> _Brief_
From the entries below, transcribe exactly the lines between the line holding "11月のレッスンスケジュールのご案内" and the line holding "Funda de Cuero", inclusive; skip all other lines.

> _Exercise input_
------------------------------------

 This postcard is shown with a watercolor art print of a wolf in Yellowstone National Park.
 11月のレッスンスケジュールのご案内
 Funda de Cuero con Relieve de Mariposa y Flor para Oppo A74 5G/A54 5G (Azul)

------------------------------------

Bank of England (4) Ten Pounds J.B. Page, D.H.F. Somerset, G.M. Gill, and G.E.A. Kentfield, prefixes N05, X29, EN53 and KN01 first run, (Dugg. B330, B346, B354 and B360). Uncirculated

------------------------------------

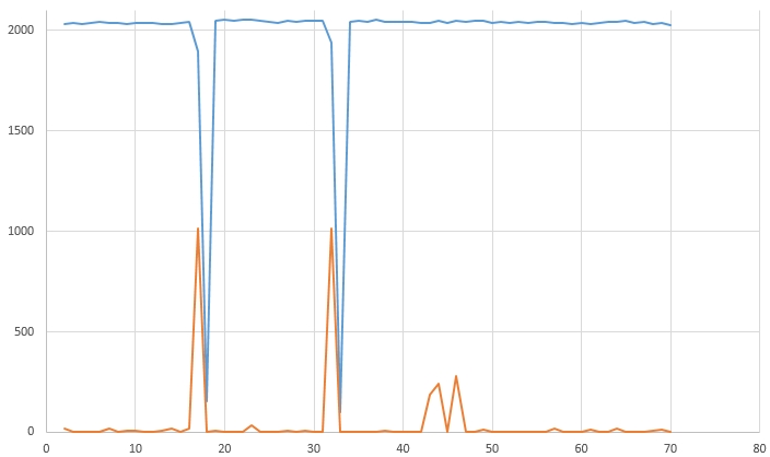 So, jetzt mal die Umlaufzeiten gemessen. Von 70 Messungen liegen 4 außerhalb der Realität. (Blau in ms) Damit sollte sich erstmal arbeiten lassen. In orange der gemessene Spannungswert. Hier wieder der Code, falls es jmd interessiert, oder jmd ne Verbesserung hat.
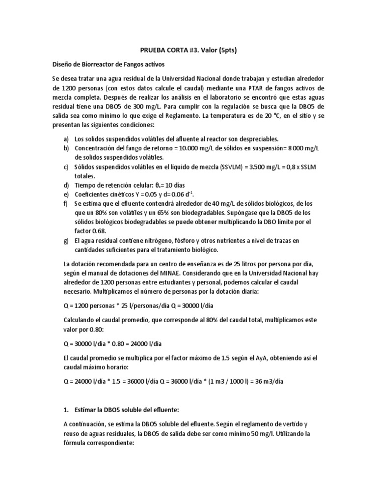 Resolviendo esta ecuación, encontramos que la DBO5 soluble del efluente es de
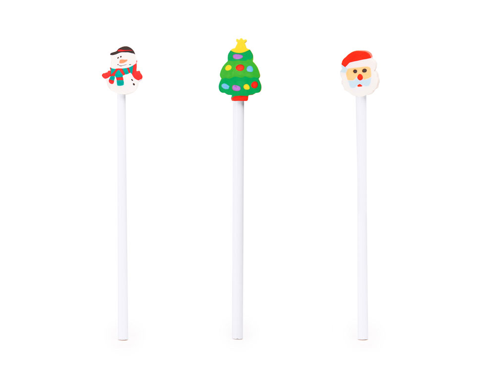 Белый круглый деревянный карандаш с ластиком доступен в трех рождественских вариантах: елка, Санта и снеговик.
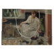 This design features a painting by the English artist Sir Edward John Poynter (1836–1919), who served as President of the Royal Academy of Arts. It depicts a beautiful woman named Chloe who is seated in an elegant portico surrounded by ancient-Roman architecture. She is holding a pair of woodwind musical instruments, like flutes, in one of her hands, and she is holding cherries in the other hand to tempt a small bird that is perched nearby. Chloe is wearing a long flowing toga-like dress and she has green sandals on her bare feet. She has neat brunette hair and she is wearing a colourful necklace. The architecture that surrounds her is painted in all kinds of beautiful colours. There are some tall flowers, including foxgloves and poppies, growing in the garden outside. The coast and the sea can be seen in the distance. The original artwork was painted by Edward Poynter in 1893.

------------------------------------

> _Exercise output_
 11月のレッスンスケジュールのご案内
 Funda de Cuero con Relieve de Mariposa y Flor para Oppo A74 5G/A54 5G (Azul)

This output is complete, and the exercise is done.